* Exercise goal
From the data that follows, set down exactly the lines from the one with "On Friday, November" through the one with "326 对合并单元格相邻的数据区域进行排序 适用版本", counting both. Pictures stay out.

========

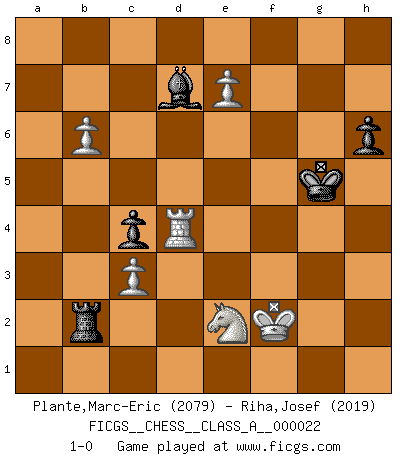 Last move : 1-0 2007 July 10 15:24:52 [Event "FICGS__CHESS__CLASS_A__000022"] [Site "FICGS"] [Date "2007.05.24"] [Round "1"] [White "Plante,Marc-Eric"] [Black "Riha,Josef"] [Result "1-0"] [WhiteElo "2079"] [BlackElo "2019"] 1.e4 e6 2.d4 d5 3.Nc3 Bb4 4.e5 c5 5.a3 Ba5 6.b4 cxd4 7.Nb5 Bc7 8.f4 Bd7 9.Nxc7+ Qxc7 10.Nf3 Ne7 11.Bd3 a6 12.Bb2 Nf5 13.Bxf5 exf5 14.Bxd4 O-O 15.O-O Rc8 16.c3 a5 17.Qd3 Qc4 18.Qxc4 dxc4 19.Bb6 axb4 20.axb4 Rxa1 21.Rxa1 Nc6 22.Bc5 h6 23.h4 Nd8 24.Nd4 Nc6 25.Nc2 Be6 26.h5 Kh7 27.Ne3 g5 28.hxg6+ fxg6 29.Bd6 g5 30.b5 Nd8 31.g4 gxf4 32.Nxf5 Nf7 33.Ra7 Rg8 34.Rxb7 Rxg4+ 35.Kf1 Kg6 36.Nd4 Bd5 37.Rb6 Ng5 38.Be7 Kh5 39.Bxg5 Kxg5 40.e6 Kf6 41.Rd6 Bg2+ 42.Kf2 Rg8 43.Rd7 Be4 44.b6 Rg2+ 45.Kf1 Rb2 46.Rf7+ Kg5 47.e7 Rb1+ 48.Kf2 Rb2+ 49.Ne2 Bc6 50.Rxf4 Bd7 51.Rd4 1-0 French : Winawer, Advance, 5.a3 Kingside Castling by player Black (move 14) Kingside Castling by player White (move 15) Player White won this chess game. Follow this game move after move (download)Openings teach you openings. Endgames teach you chess ! (Stephan Gerzadowicz) Ein Teil des Fehlers ist immer korrekt. (Savielly Grigorievitsch Tartakower) El Ajedrez te enseña a controlarl la excitación inicial que sientes cuando vez algo que parece bueno y te enseña a pensar objetivamente cuando te encuentras en problemas. (Stanley Kubrick) La victoire dans une partie d'Echecs appartient la plupart du temps à celui qui voit un peu plus loin que l'adversaire. (Lasker) Always two there are. No more no less. A master, and an apprentice. (Master Yoda in Star Wars ep.1)
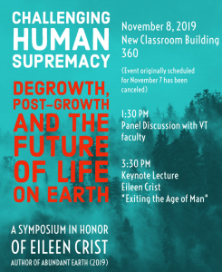 On Friday, November 8, I will be taking part in a symposium in honor of Eileen Crist, the author of Abundant Earth: Toward an Ecological Civilization. The symposium is tilted Challenging Human Supremacy: Degrowth, post-growth, and the future of life on earth.
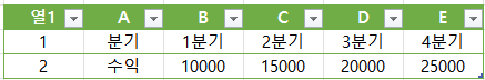 연간 총 수익을 계산하기 위해 B2에서 E2까지의 셀을 더하는 SUM 함수를 사용할 수 있습니다.
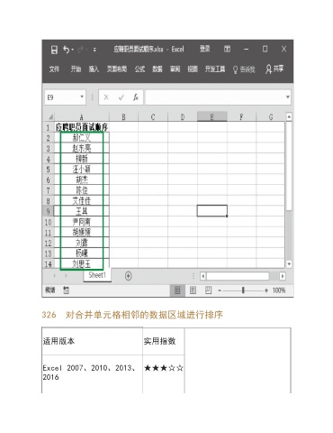 326 对合并单元格相邻的数据区域进行排序 适用版本 实用指数 Excel 2007、2010、2013、 ★★★☆☆ 2016
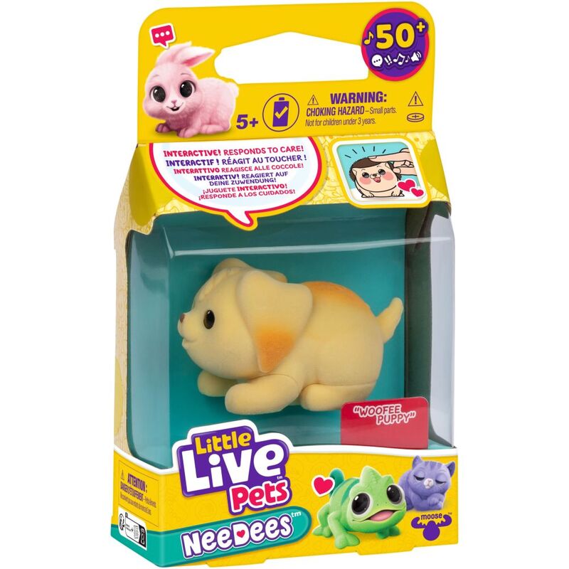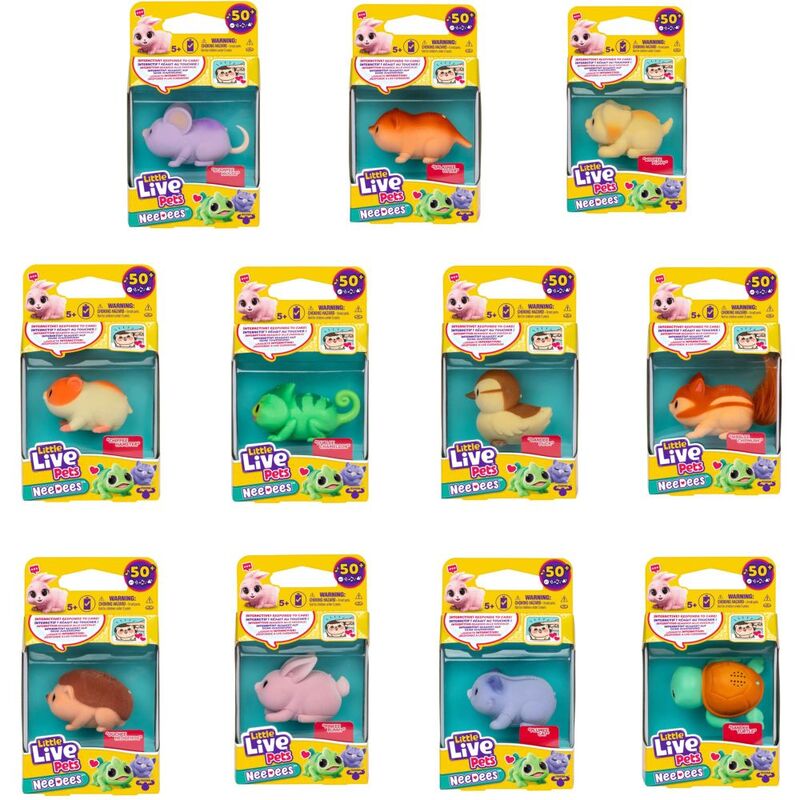 Say hello to Little Live Pets NeeDees, the interactive, wearable friends ready to bring endless fun wherever your child goes. These delightful creatures thrive on care and attention, signaling their needs with unique sounds. Whether they're playful, cold, hungry, or sleepy, NeeDees call out "NeeDee NeeDee" for your child to respond, turning every interaction into a loving bond. Begin the exciting journey of caring for NeeDees. Each interaction is a chance to nurture and grow your child's sense of responsibility and joy. Collect all 13 to see how much happiness these lovable pets can bring into your child's life. Embrace the challenge, care for them, and watch your collection of Little Live Pets NeeDees thrive! Each NeeDee has a built-in system to track care. Miss their calls, and the score decreases. Respond timely, and watch the score soar. Achieve the highest score and hear your NeeDee sing a joyous song!
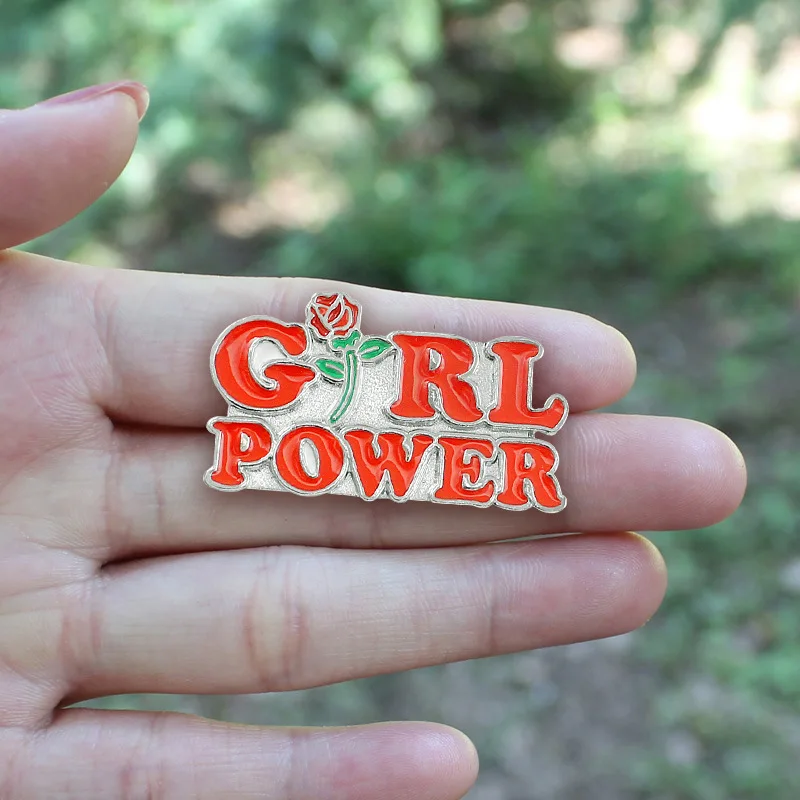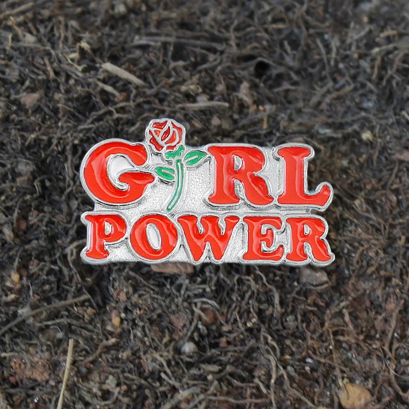 Брошь с надписью Girl Power Rose, дизайнерская брошь для джинсовой куртки, значок на воротник, зажим, эмалированная этикетка, булавки, аксессуары для одежды

========

* Output of the task
 On Friday, November 8, I will be taking part in a symposium in honor of Eileen Crist, the author of Abundant Earth: Toward an Ecological Civilization. The symposium is tilted Challenging Human Supremacy: Degrowth, post-growth, and the future of life on earth.
 연간 총 수익을 계산하기 위해 B2에서 E2까지의 셀을 더하는 SUM 함수를 사용할 수 있습니다.
 326 对合并单元格相邻的数据区域进行排序 适用版本 实用指数 Excel 2007、2010、2013、 ★★★☆☆ 2016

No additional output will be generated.